It is a double stranded DNA virus with a large genome encoding 191 proteins. There are two main clades (subgroups), which are Clade I and Clade II. Clade I, which reportedly causes more severe illnesses is endemic in central African countries whereas Clade II, which causes a milder self-limiting disease is endemic in West African countries. Clade II is further classified into IIa and IIb by Happi et al. (2022) (1). In 2022, MPXV Clade IIb spread worldwide affecting 99,000 people across at least 118 countries (18).
Prior to 2022, MPX cases outside of the African continent were rare. They were related to international travels or importation of infected rodents. In 2022, there was a global outbreak of clade IIb largely spread through sexual transmissions and contained in the sexual networks of individuals who are gay, bisexual, and other men who have sex with men (1,18).

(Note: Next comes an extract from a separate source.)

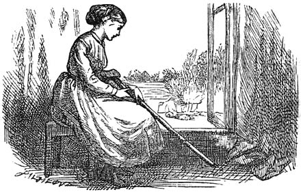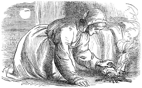 De kinderen wilden met hem spelen; maar het eendje dacht, dat zij hem kwaad wilden doen en vloog in zijn angst juist in het melkvat, zoodat de melk overal in de kamer rondspatte. De vrouw sloeg de handen in elkaar, waarop het eerst in het botervat en toen in de meelton vloog. Wat zag het er nu uit! De vrouw schreeuwde en sloeg met de tang naar het arme beest; de kinderen liepen elkaar omver, om het eendje te pakken; zij lachten en schreeuwden!—’t Was gelukkig, dat de deur openstond en dat het tusschen de takken in de versch gevallen sneeuw kon sluipen. Daar bleef het geheel uitgeput liggen.

MPX can be transmitted from animal to human via direct contact with infected fluids, lesions, bites, scratches, contaminated fomites such as linens and clothing, respiratory aerosol and droplets (1,18). The MPX reservoir is recognized to be arboreal rodents in African forest, however the full host range of monkeypox is not fully known. It is also documented that the Asian orangutans are among the hosts of MPXV (19). Human to human spread occurs with direct contact with infected skin lesions, mucosa, bodily fluids and blood. There is evidence that states that human to human transmission can occur during the asymptomatic incubation period prior to showing any symptoms of harbouring the virus. This had contributed to the spread of the virus (18).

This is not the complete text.